RECORD SET:
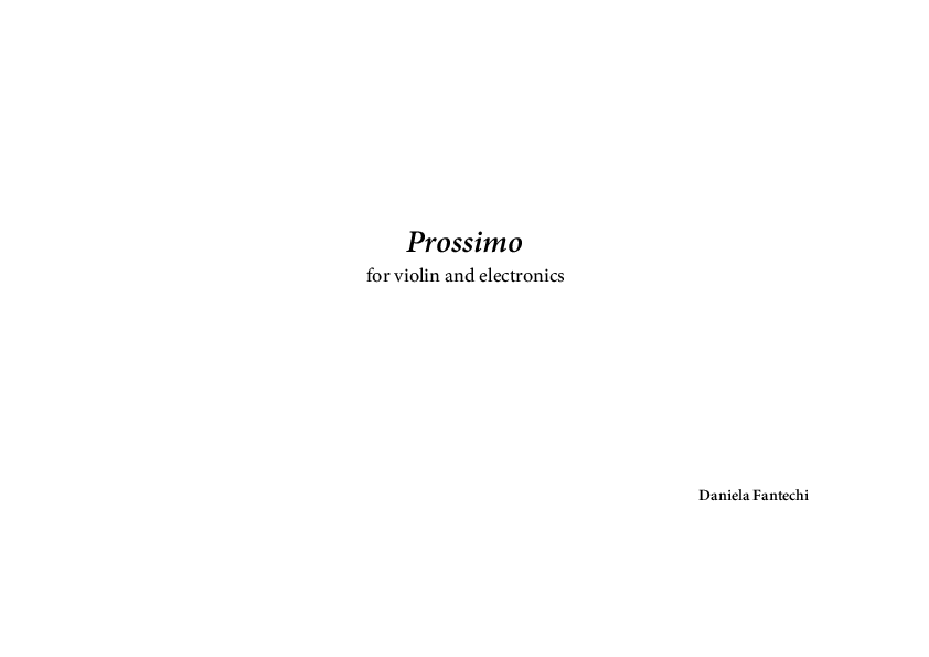 Prossimo for violin and electronics, was written during the artistic residence St.A.i.R Styria Artist in Residence Program by Steiermark - Österreich, in Graz, between February and April, 2017. The piece was written taking advantage of the support of the violin player Lorenzo Derinni, and the electronic performer Davide Gagliardi, both from Schallfeld Ensemble. The piece was premiered at Schaumbad Freies Atelierhaus, in Graz, on April 23rd, 2017.
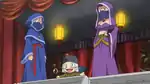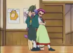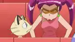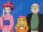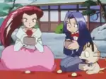 Pokémon Scent-Sation | Jessie and James disguised themselves as "Ashley's" parents, with Jessie wearing a pink kimono robe and glasses and her hair tied up in a bun on top, and James wearing a bald cap, a fake nose and glasses with Meowth hidden under his shirt to simulate a belly |
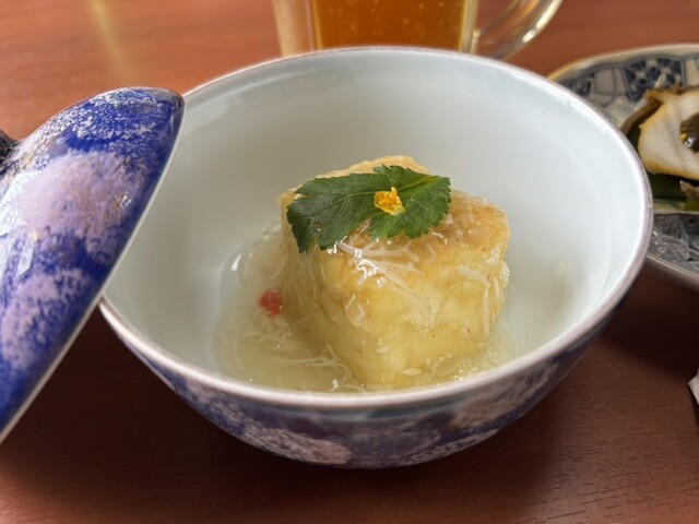先付けの「カニ酢」「餡かけ揚げ豆腐」からスタートです。
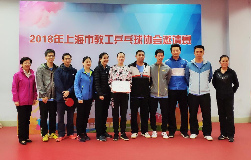 本网讯 12月1日, 由上海市教育工会主办的2018年上海市教工乒乓球协会邀请赛在复旦大学南区乒乓球馆举行,红足一1世代表队以较大优势战胜其他参赛队勇夺第一名。
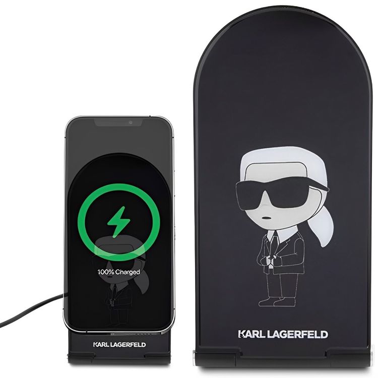 شاحن مكتبي Karl MagSafe بقوة 15 وات بتصميم شعار Ikonik، محمول وصغير الحجم، شاحن سماعات أذن، مادة متينة، سهل التركيب - أسود
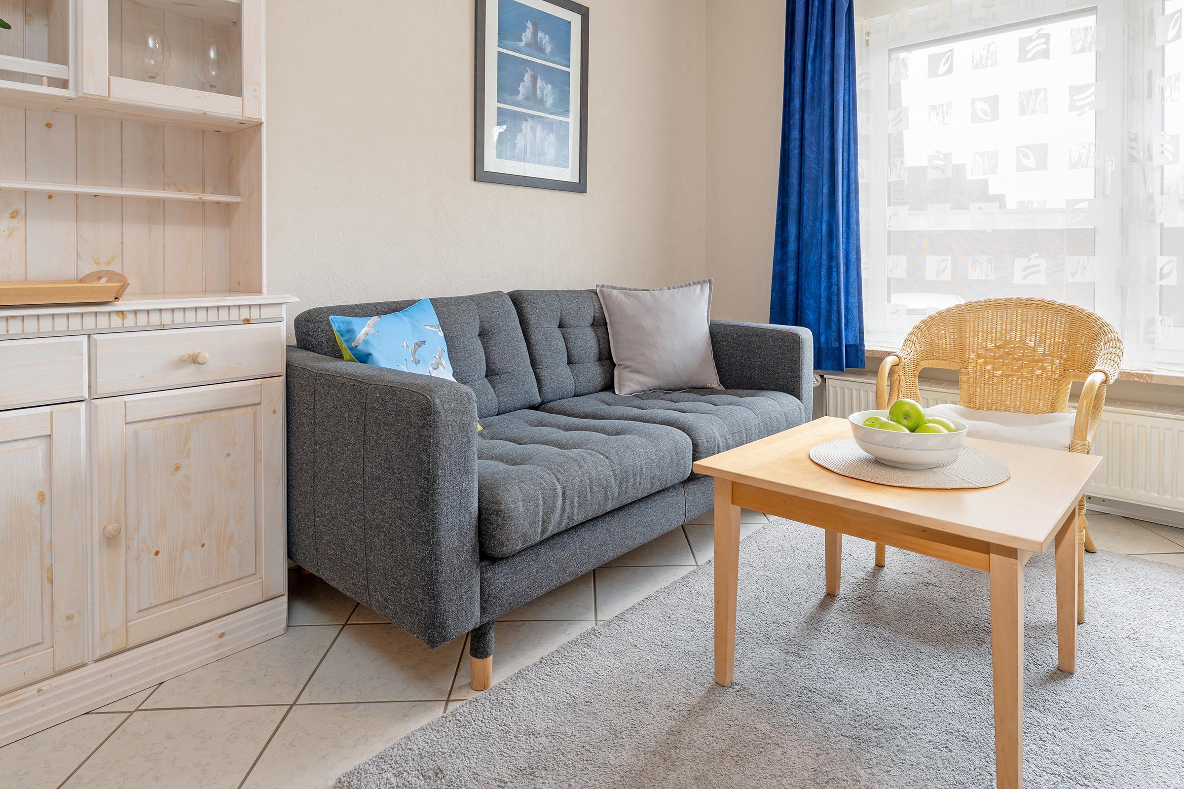 Auf Fehmarn im Ortsteil Neue Tiefe: Die gemütliche 2-Zimmer-Ferienwohnung im Hochparterre bietet auf 35 m² Platz für bis zu 4 Personen.
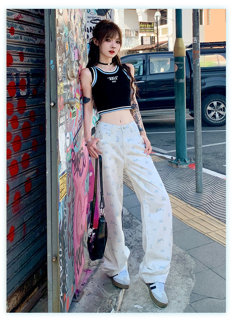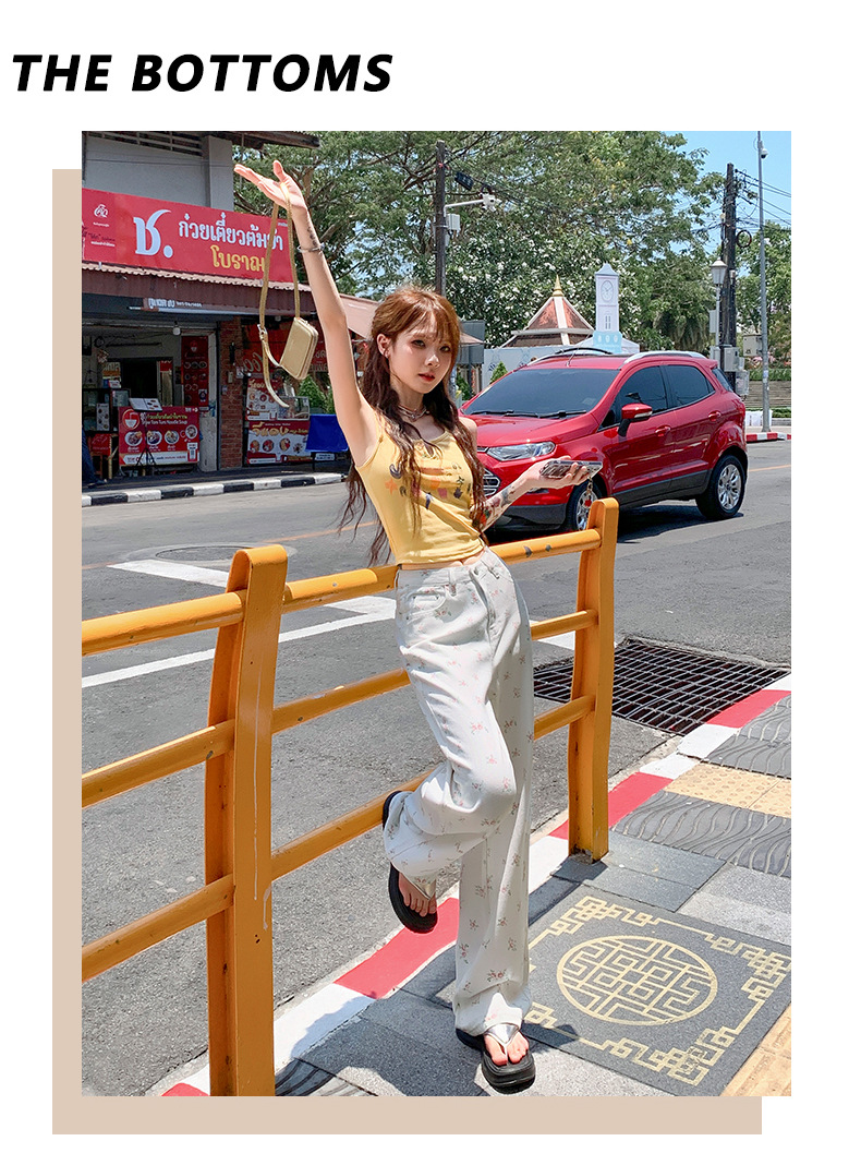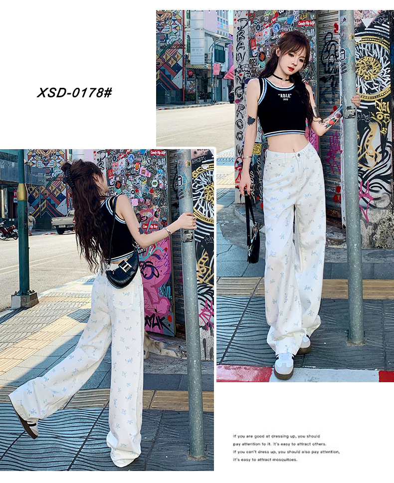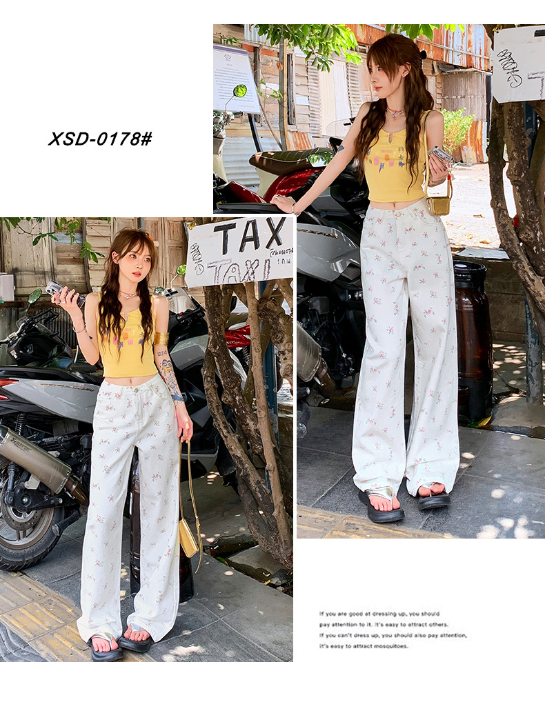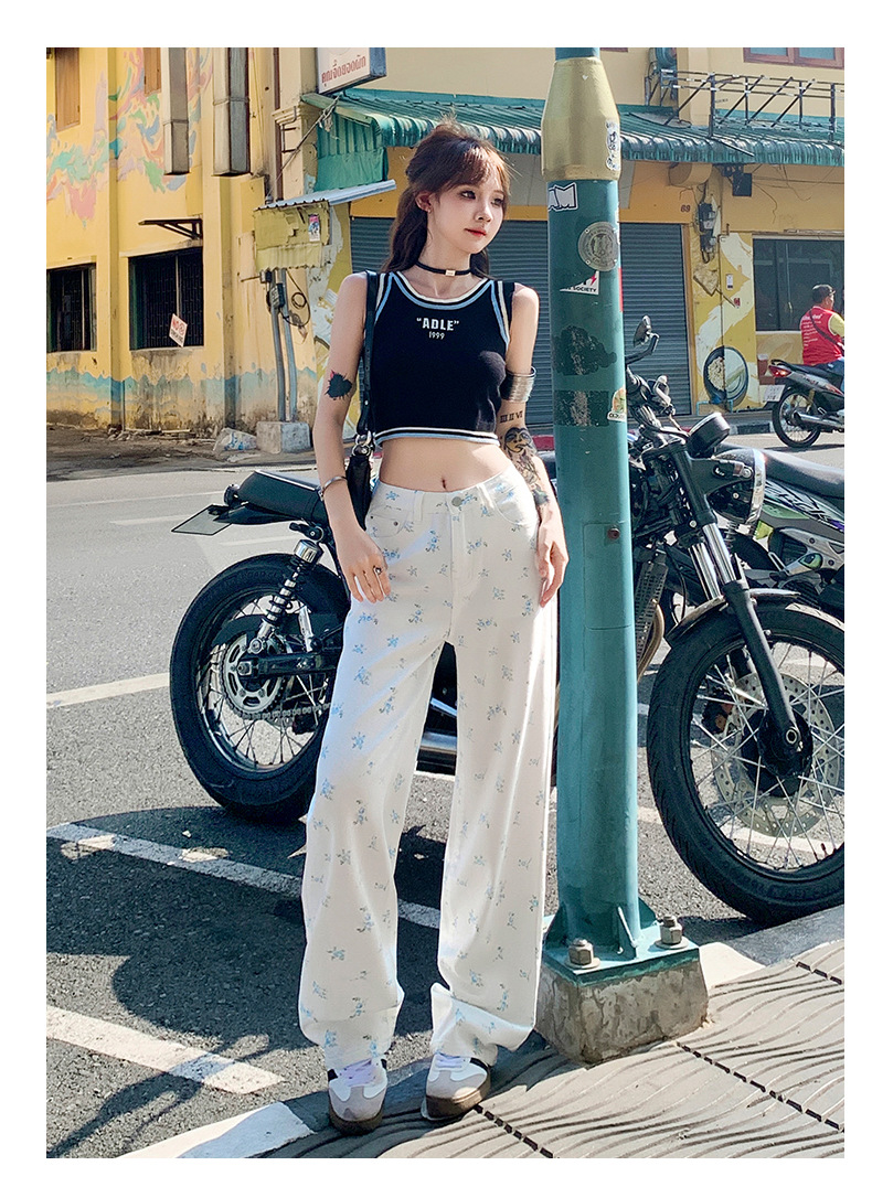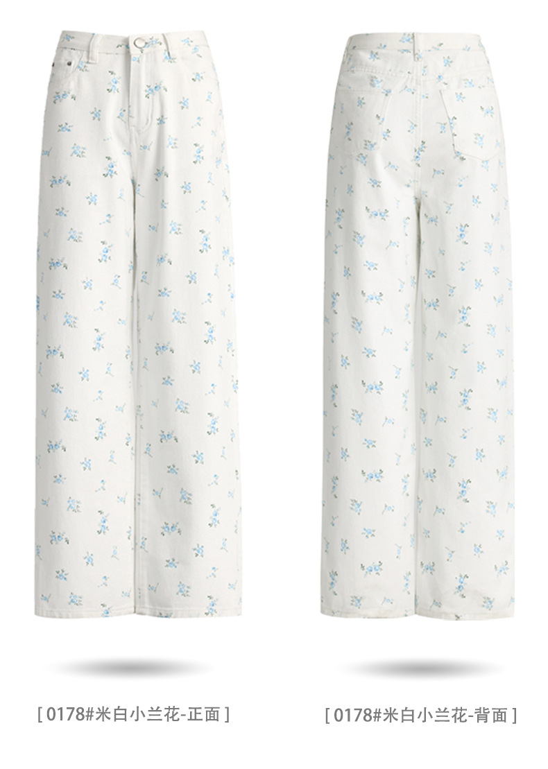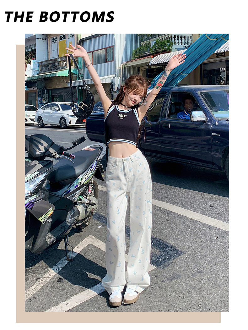 흰색 꽃 넓은 다리 청바지 여성의 2024 여름 새로운 높은 허리 디자인 감각 느슨한 슬리밍 스트레이트 바지스토어 가기
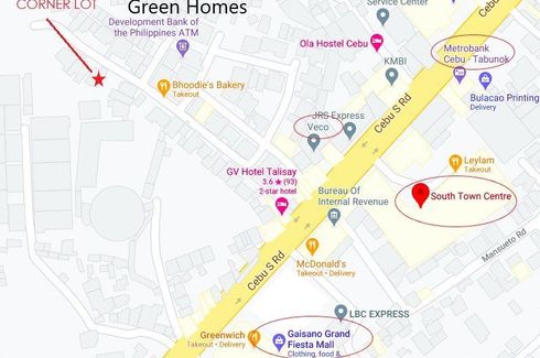 ‹ › 1/3 Land for sale in Bulacao, Cebu Talisay, Cebu ₱ 8,510,000 370 m2 Residential Lot For SaleInside a Village across Gaisano Tabunok and Robinson's South Town Center. Lot area:370 sqm. Corner lot at P23,000K / sqm. net of taxes. Stellar Estates PH Call
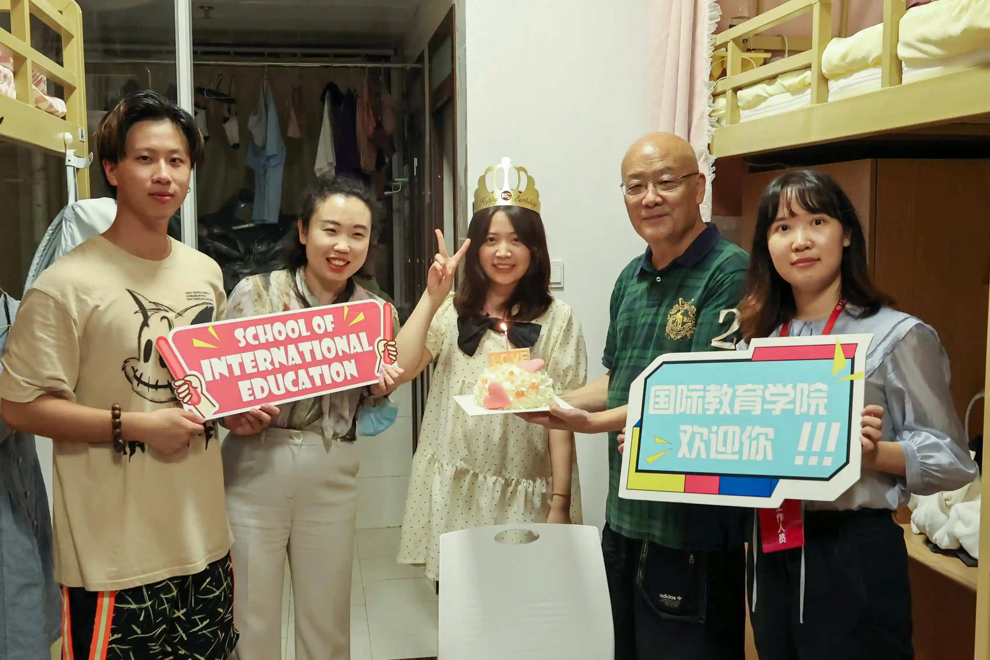 在报到当天,恰逢是18位新生的生日,他们最小的刚成年,最大的20岁。校长黄亚钧亲手为他们点燃了生日蜡烛,并带领“小寿星”们一起切蛋糕。全场唱响生日歌,让“小寿星”们许愿时,有一位同学握紧双手,闭着眼想了很久,幽默的黄校打趣到:“你许了这么多愿呀!”黄校风趣的语气缓解了新生们第一天到校的紧张与不安,暖心的活动也让大家感受到了离家后的第一份温暖。
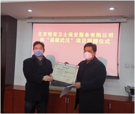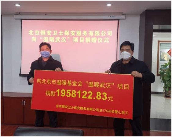 2020年3月9日,北京恒安衛士保安服務有限公司將企業和17625名愛心員工共計1958122.83元的善款捐贈至北京市溫暖基金會,通過溫暖基金會表達對武漢市抗疫一線醫務工作者、公安干警和保安兄弟的崇高敬意。
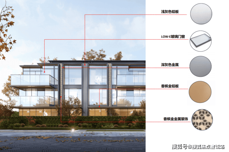 南北两面都采用了大面积LOW-E玻璃代替墙体,搭配香槟金铝板线条和灰色金属格栅,提升美感的同时,又扩大了采光面,极具辨识度。
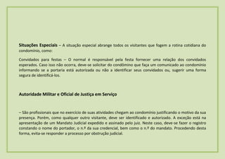 1) Convidados para festas devem ter uma lista fornecida pelo responsável ou o condômino deve informar a portaria sobre como identificá-los.
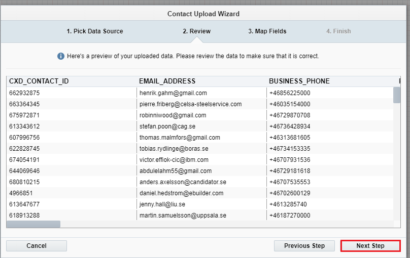 In this section, you can see the steps you'll follow to upload the final list to Eloqua using an Excel list.

ABOUT THIS EXERCISE: Leave out the pictures and retype every line above exactly.

THE COMPLETED TASK:
 Prossimo for violin and electronics, was written during the artistic residence St.A.i.R Styria Artist in Residence Program by Steiermark - Österreich, in Graz, between February and April, 2017. The piece was written taking advantage of the support of the violin player Lorenzo Derinni, and the electronic performer Davide Gagliardi, both from Schallfeld Ensemble. The piece was premiered at Schaumbad Freies Atelierhaus, in Graz, on April 23rd, 2017.
 Pokémon Scent-Sation | Jessie and James disguised themselves as "Ashley's" parents, with Jessie wearing a pink kimono robe and glasses and her hair tied up in a bun on top, and James wearing a bald cap, a fake nose and glasses with Meowth hidden under his shirt to simulate a belly |
先付けの「カニ酢」「餡かけ揚げ豆腐」からスタートです。
 本网讯 12月1日, 由上海市教育工会主办的2018年上海市教工乒乓球协会邀请赛在复旦大学南区乒乓球馆举行,红足一1世代表队以较大优势战胜其他参赛队勇夺第一名。
 شاحن مكتبي Karl MagSafe بقوة 15 وات بتصميم شعار Ikonik، محمول وصغير الحجم، شاحن سماعات أذن، مادة متينة، سهل التركيب - أسود
 Auf Fehmarn im Ortsteil Neue Tiefe: Die gemütliche 2-Zimmer-Ferienwohnung im Hochparterre bietet auf 35 m² Platz für bis zu 4 Personen.
 흰색 꽃 넓은 다리 청바지 여성의 2024 여름 새로운 높은 허리 디자인 감각 느슨한 슬리밍 스트레이트 바지스토어 가기
 ‹ › 1/3 Land for sale in Bulacao, Cebu Talisay, Cebu ₱ 8,510,000 370 m2 Residential Lot For SaleInside a Village across Gaisano Tabunok and Robinson's South Town Center. Lot area:370 sqm. Corner lot at P23,000K / sqm. net of taxes. Stellar Estates PH Call
 在报到当天,恰逢是18位新生的生日,他们最小的刚成年,最大的20岁。校长黄亚钧亲手为他们点燃了生日蜡烛,并带领“小寿星”们一起切蛋糕。全场唱响生日歌,让“小寿星”们许愿时,有一位同学握紧双手,闭着眼想了很久,幽默的黄校打趣到:“你许了这么多愿呀!”黄校风趣的语气缓解了新生们第一天到校的紧张与不安,暖心的活动也让大家感受到了离家后的第一份温暖。
 2020年3月9日,北京恒安衛士保安服務有限公司將企業和17625名愛心員工共計1958122.83元的善款捐贈至北京市溫暖基金會,通過溫暖基金會表達對武漢市抗疫一線醫務工作者、公安干警和保安兄弟的崇高敬意。
 南北两面都采用了大面积LOW-E玻璃代替墙体,搭配香槟金铝板线条和灰色金属格栅,提升美感的同时,又扩大了采光面,极具辨识度。
 1) Convidados para festas devem ter uma lista fornecida pelo responsável ou o condômino deve informar a portaria sobre como identificá-los.
 In this section, you can see the steps you'll follow to upload the final list to Eloqua using an Excel list.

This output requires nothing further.